Last weeks at a customer side we had some weird problems with random PSOD’s on HP BL460c Gen 8 servers.
The customer is migrating from ESXi 5.5 to ESXi 6.0 and after a test period of a few months we started to upgrade all hosts using VMWare Update Manager. After a few days some hosts suddenly started to give PSOD’s as shown below.
All PSOD’s happened on HP BL460c Gen 8 blades equipped with QLogic and Emulex adapters. The other thing in common is that all PSOD’s were caused by Linux RedHat servers with Oracle installed on them.
If we look at the PSOD and distillate the cause we see mlx4_core that is required by mlx4_en. These are Mellanox driver. The fun part is that we don’t have any mellanox hardware installed in the blades. Simular post can be found Here.

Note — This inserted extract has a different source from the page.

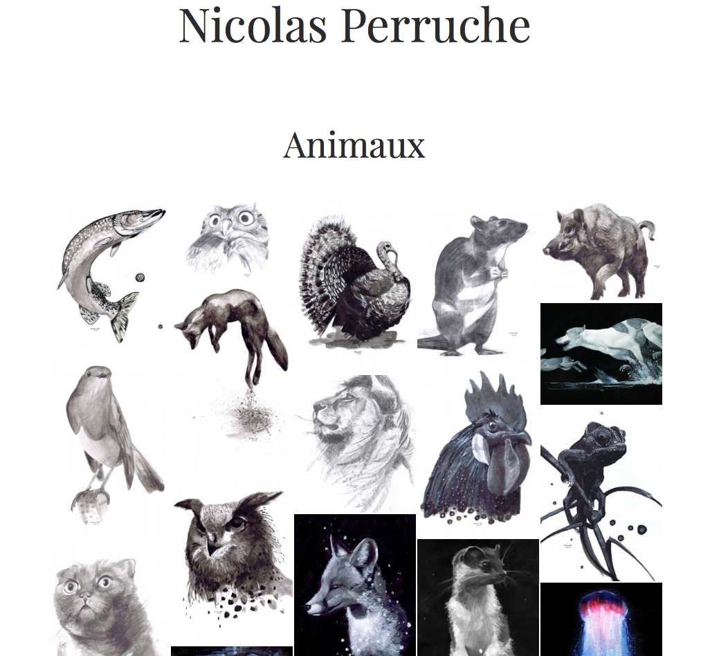 Dessinateur de formation et musicien autodidacte, Nicolas Perruche expose régulièrement sur des thèmes bien spécifiques autour du monde animal.
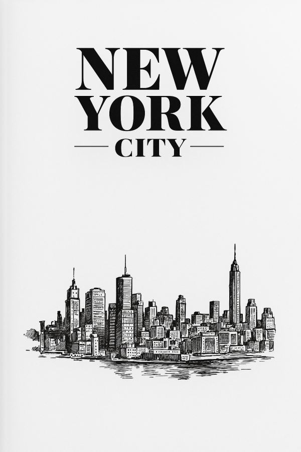 Ce tableau moderne et épuré présente une illustration en noir et blanc du célèbre skyline de New York City, offrant un rendu graphique élégant et minimaliste. La toile blanche, aux teintes lumineuses et neutres, met en valeur la silhouette détaillée des gratte-ciel emblématiques, dessinés avec précision dans un style gravure au trait fin. Le texte « NEW YORK CITY » en majuscules, dans une police classique et imposante, domine la composition et souligne l’identité urbaine forte de la ville. Cette création évoque immédiatement le dynamisme et le charme intemporel de la métropole new-yorkaise. L’ambiance générale est à la fois raffinée et contemporaine, parfaite pour apporter une touche citadine et design à un intérieur moderne. Idéal pour les amoureux de la ville, les voyageurs ou les passionnés d’architecture, ce tableau invite à rêver d’aventures urbaines et de nuits éclairées par les lumières vibrantes des gratte-ciels. Cette œuvre simple mais captivante fait également un cadeau original pour tous ceux qui veulent personnaliser leur décoration avec une touche d’élégance et de culture citadine sur Mycanva.fr.

After consulting both HP and VMWare, the conclusion was to uninstall the VIBs instead of upgrading them. The drivers should have been removed during the upgrade tot ESXi 6 but remained at the host.
After removing the VIBS and rebooting the hosts there were no more PSOD’s.
esxcli software vib remove -n net-mlx4-en
esxcli software vib remove -n net-mlx4-core
esxcli software vib remove -n net-mst
The only remaining question for me is why only Linux machines with Oracle can stress the host and cause a PSOD.